> _ACTIVITY_
In the copy, include no pictures. Reproduce the rest of the entries exactly.

(Items from a data source)
BEGIN
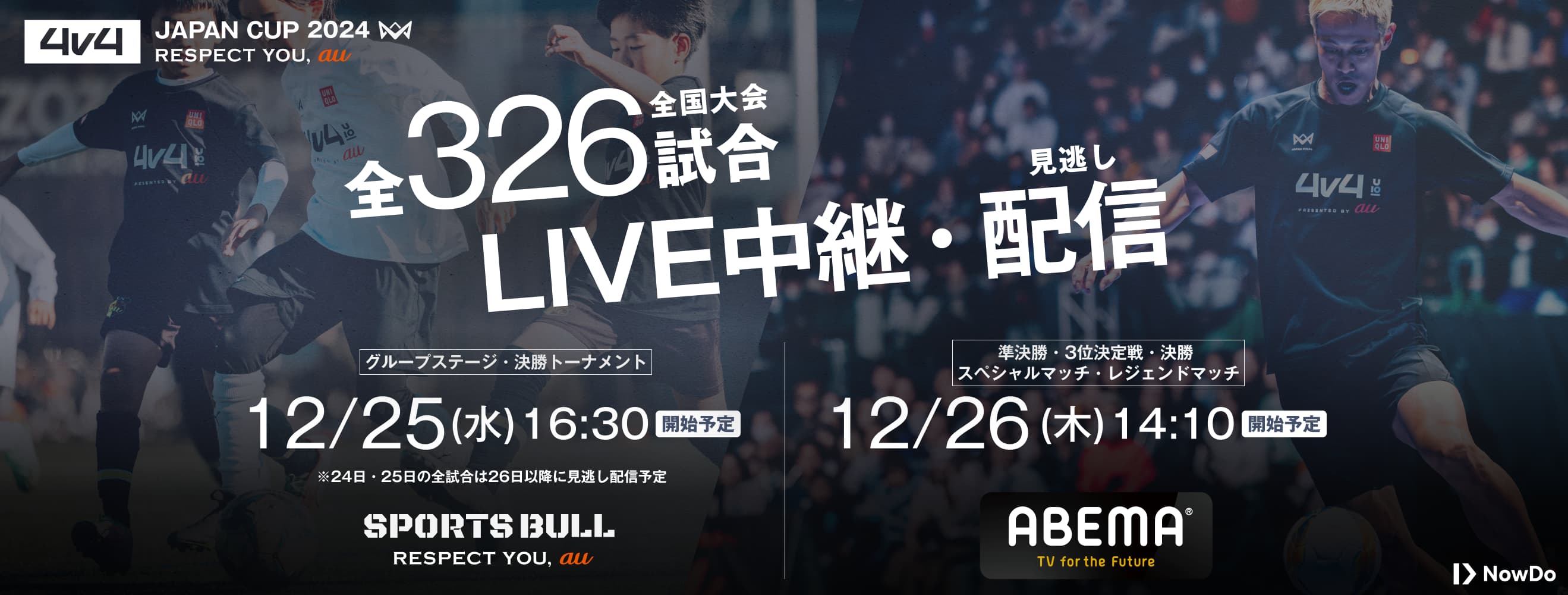 Now Do 株式会社(所在地:東京都新宿区、代表取締役社長:本田圭佑、以下Now Do)が運営する、4人制サッカー全国大会「4v4 JAPAN CUP 2024 RESPECT YOU, au(以下、本大会)」をLIVE中継することをご報告いたします。
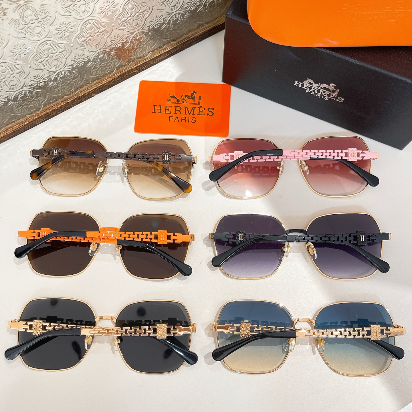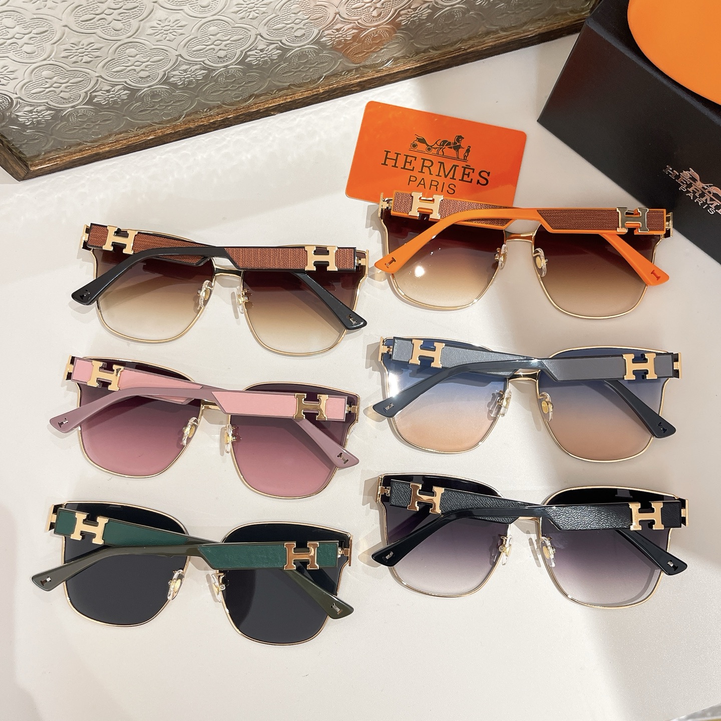 Hermès square frame glasses orange/green/white/black gold/black silver/blue/brown color Size 60口17-140
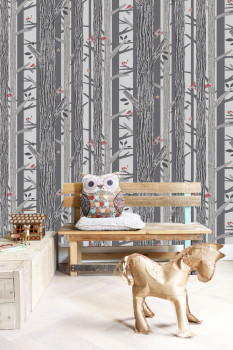 Vliesová, dětská tapeta. Zvířátka, ptáčci a včelky v lese. Šedočerné odstíny, zvířátka v šedých, růžových a žlutých barvách.
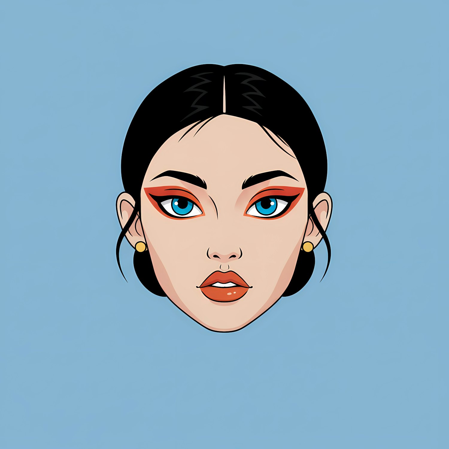 Stylized illustration of a woman's face with bold makeup, sleek black hair, and gold earrings on a light blue background.
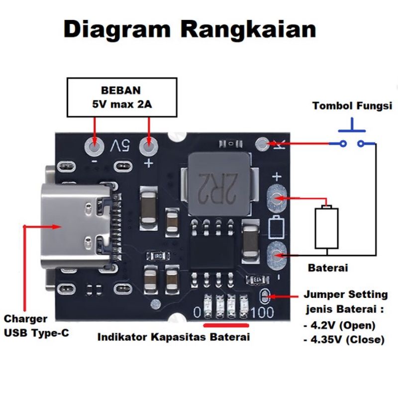 modul powerbank type C 2A
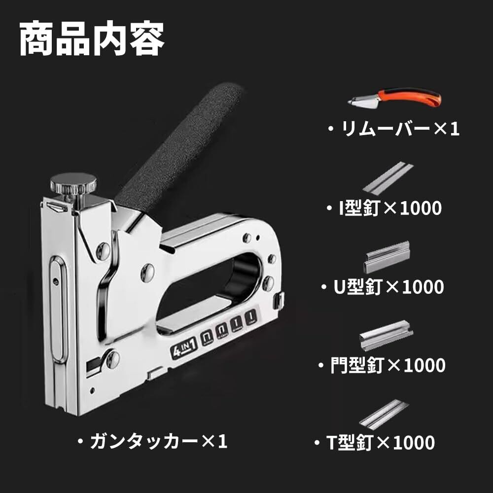 【すぐに使える充実セット】ガンタッカー本体に加えて、4種の針(I型・U型・門型・T型)を各1000本ずつ、さらにリムーバーも付属。開封後すぐに使えるセット内容で、DIYやリフォーム作業にピッタリです。
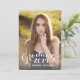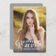 Perfect photo card inviting your family and friends to your daughter's graduation party. Sweet Script | Graduation Party Invitation for 2014. Design by Elke Clarke © for MonogramGallery. Add your own photo and text. An elegant retro white script font text overlay with the words "2014 Graduate" is printed on the front with a slight grey ombre effect. Add your invitation text on the back of the card with a modern white font on a (printed photo effect) vintage light grey or grey kraft paper background. Other styles and colours available.
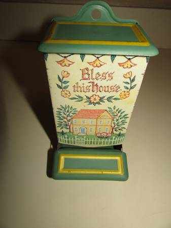 Vintage Jasco made in Hong Kong "Bless This House" tin matchbox holder cottage. 6" x 3" x 3.5". Very good shape. Just a bit of wear. I'm in West Irondequoit by the lake. Call or text or use...
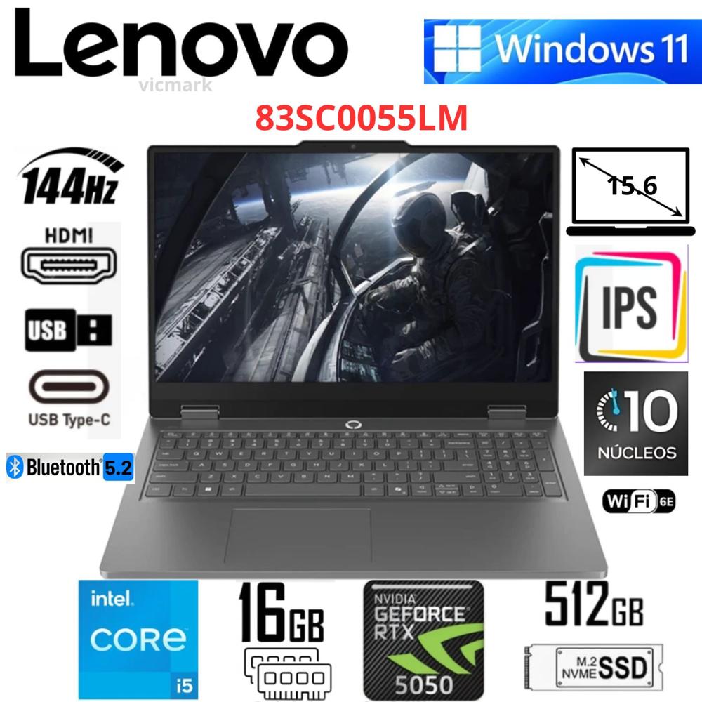 Laptop Gamer Lenovo LOQ 15IRX9 i5-13450HX RTX 5050 8GB 16GB RAM 512GB SSD 144Hz FHD
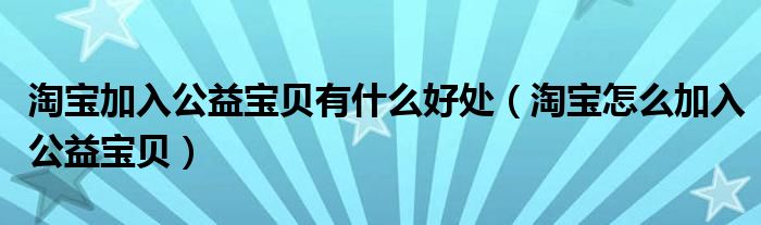关于淘宝加入公益宝贝有什么好处,淘宝怎么加入公益宝贝这个很多人还不知道,今天菲菲来为大家解答以上的问题,现在让我们一起来看看吧!
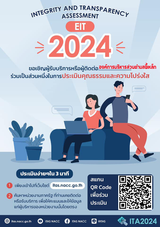 รายละเอียด : องค์การบริหารส่วนตำบลขี้เหล็ก ขอเชิญชวนประชาชนและผู้มาติดต่อราชการ ร่วมแสดงความคิดเห็นและตอบแบบประเมินคุณธรรมและความโปร่งใส ผ่านระบบ ITAS ด้วยตนเองได้ที่ลิ้งค์ https://itas.nacc.go.th/go/eit/iivn33 หรือแสกนคิวอาร์โค้ด (ตามคิวอาร์โค้ดด้านล่าง) ได้ตั้งแต่บัดนี้ จนถึง วันที่ 1 กรกฎาคม 2567 เพื่อนำผลการประเมินไปปรับปรุง พัฒนา และยกระดับการปฏิบัติงาน อันจะส่งผลให้เกิดธรรมาภิบาลในหน่วยงานภาครัฐ และสร้างความโปร่งใสในการปฏิบัติงาน
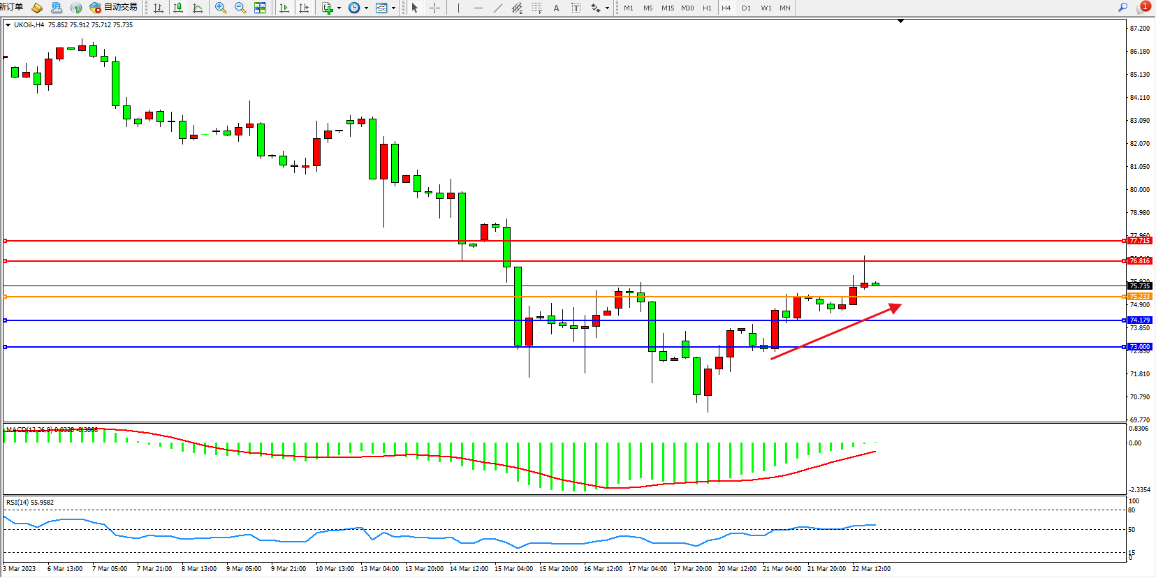 布油维持75.735附近震荡,美国至3月17日当周EIA原油库存 111.7万桶,预期-156.5万桶,前值155万桶。EIA俄克拉荷马州库欣原油库存 -106.3万桶,前值-191.6万桶。
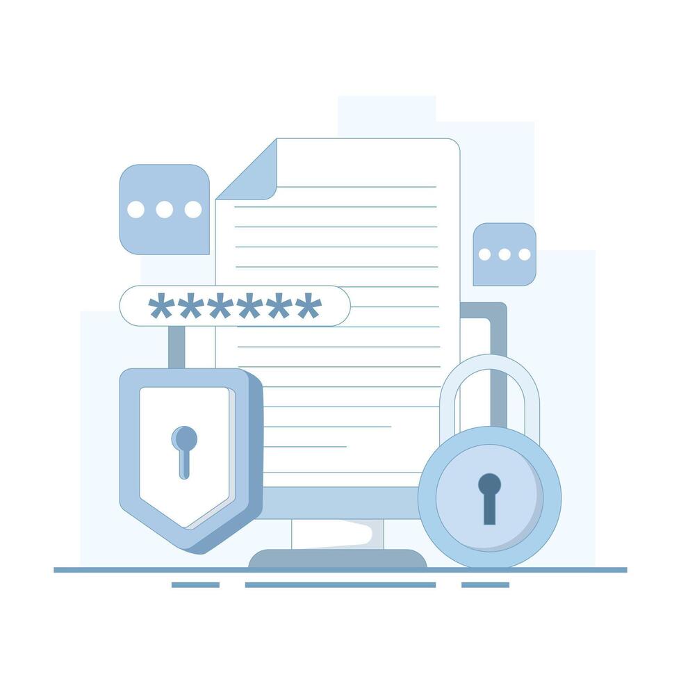 data protection concept, Documents are protected by password encryption technology, personal and business document security with password verification and encryption technology. flat design. Pro Vector
END
> _REPLY_
 Now Do 株式会社(所在地:東京都新宿区、代表取締役社長:本田圭佑、以下Now Do)が運営する、4人制サッカー全国大会「4v4 JAPAN CUP 2024 RESPECT YOU, au(以下、本大会)」をLIVE中継することをご報告いたします。
 Hermès square frame glasses orange/green/white/black gold/black silver/blue/brown color Size 60口17-140
 Vliesová, dětská tapeta. Zvířátka, ptáčci a včelky v lese. Šedočerné odstíny, zvířátka v šedých, růžových a žlutých barvách.
 Stylized illustration of a woman's face with bold makeup, sleek black hair, and gold earrings on a light blue background.
 modul powerbank type C 2A
 【すぐに使える充実セット】ガンタッカー本体に加えて、4種の針(I型・U型・門型・T型)を各1000本ずつ、さらにリムーバーも付属。開封後すぐに使えるセット内容で、DIYやリフォーム作業にピッタリです。
 Perfect photo card inviting your family and friends to your daughter's graduation party. Sweet Script | Graduation Party Invitation for 2014. Design by Elke Clarke © for MonogramGallery. Add your own photo and text. An elegant retro white script font text overlay with the words "2014 Graduate" is printed on the front with a slight grey ombre effect. Add your invitation text on the back of the card with a modern white font on a (printed photo effect) vintage light grey or grey kraft paper background. Other styles and colours available.
 Vintage Jasco made in Hong Kong "Bless This House" tin matchbox holder cottage. 6" x 3" x 3.5". Very good shape. Just a bit of wear. I'm in West Irondequoit by the lake. Call or text or use...
 Laptop Gamer Lenovo LOQ 15IRX9 i5-13450HX RTX 5050 8GB 16GB RAM 512GB SSD 144Hz FHD
关于淘宝加入公益宝贝有什么好处,淘宝怎么加入公益宝贝这个很多人还不知道,今天菲菲来为大家解答以上的问题,现在让我们一起来看看吧!
 รายละเอียด : องค์การบริหารส่วนตำบลขี้เหล็ก ขอเชิญชวนประชาชนและผู้มาติดต่อราชการ ร่วมแสดงความคิดเห็นและตอบแบบประเมินคุณธรรมและความโปร่งใส ผ่านระบบ ITAS ด้วยตนเองได้ที่ลิ้งค์ https://itas.nacc.go.th/go/eit/iivn33 หรือแสกนคิวอาร์โค้ด (ตามคิวอาร์โค้ดด้านล่าง) ได้ตั้งแต่บัดนี้ จนถึง วันที่ 1 กรกฎาคม 2567 เพื่อนำผลการประเมินไปปรับปรุง พัฒนา และยกระดับการปฏิบัติงาน อันจะส่งผลให้เกิดธรรมาภิบาลในหน่วยงานภาครัฐ และสร้างความโปร่งใสในการปฏิบัติงาน
 布油维持75.735附近震荡,美国至3月17日当周EIA原油库存 111.7万桶,预期-156.5万桶,前值155万桶。EIA俄克拉荷马州库欣原油库存 -106.3万桶,前值-191.6万桶。
 data protection concept, Documents are protected by password encryption technology, personal and business document security with password verification and encryption technology. flat design. Pro Vector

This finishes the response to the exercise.